Помолчав, он подал знак человеку в белом халате. Уинстон чувствовал, что к его изголовью придвигают какой-то тяжелый аппарат. О’Брайен сел возле постели так, что оказался лицом к лицу с Уинстоном.
– Три тысячи, – сказал он, обращаясь через голову Уинстона к человеку в белом.
Две мягких, слегка влажных подушечки сомкнулись на висках Уинстона. Он вздрогнул, снова ожидая боли. О’Брайен успокаивающе, почти дружески коснулся его руки.
– На этот раз больно не будет, – сказал он. – Смотрите прямо мне в глаза.

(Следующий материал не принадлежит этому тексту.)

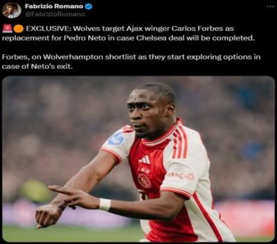 罗马诺表示:“如果切尔西引进佩德罗-内托,那么狼队将把阿贾克斯边锋卡洛斯-福布斯-博尔赫斯视作替代者。”

В тот же миг Уинстон ощутил оглушительный взрыв или что-то похожее на взрыв, хотя у него не было уверенности в том, что он слышал звук. Однако, несомненно, произошла яркая вспышка света. Уинстон не чувствовал никакого повреждения, он только внезапно совершенно обессилел. Хотя в минуту взрыва он уже лежал на спине, у него было странное чувство, будто он повержен в это положение страшным, хотя и безболезненным ударом. Его словно расплющило. И что-то случилось с головой. Когда взор прояснился, он вспомнил, кто он и где находится, и узнал глаза, пристально глядевшие на него; но в памяти образовались вдруг громадные провалы, точно у него из головы изъяли какие-то клеточки мозга.
– Это ненадолго, – сказал О’Брайен. – Теперь смотрите мне в глаза. С кем воюет Океания?

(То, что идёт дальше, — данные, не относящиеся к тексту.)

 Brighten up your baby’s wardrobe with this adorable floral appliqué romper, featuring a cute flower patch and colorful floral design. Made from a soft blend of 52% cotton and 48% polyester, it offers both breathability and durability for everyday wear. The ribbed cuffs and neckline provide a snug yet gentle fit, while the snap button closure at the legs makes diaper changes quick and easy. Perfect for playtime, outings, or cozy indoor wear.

Уинстон задумался. Он помнил, что такое Океания; помнил, что он – гражданин Океании. Помнил также об Евразии и об Истазии. Но кто из них с кем воевал, – он решительно не мог сказать. Больше того, он вообще не мог припомнить никакой войны.
– Я не помню.
– Океания воюет с Истазией. Вы вспоминаете это теперь?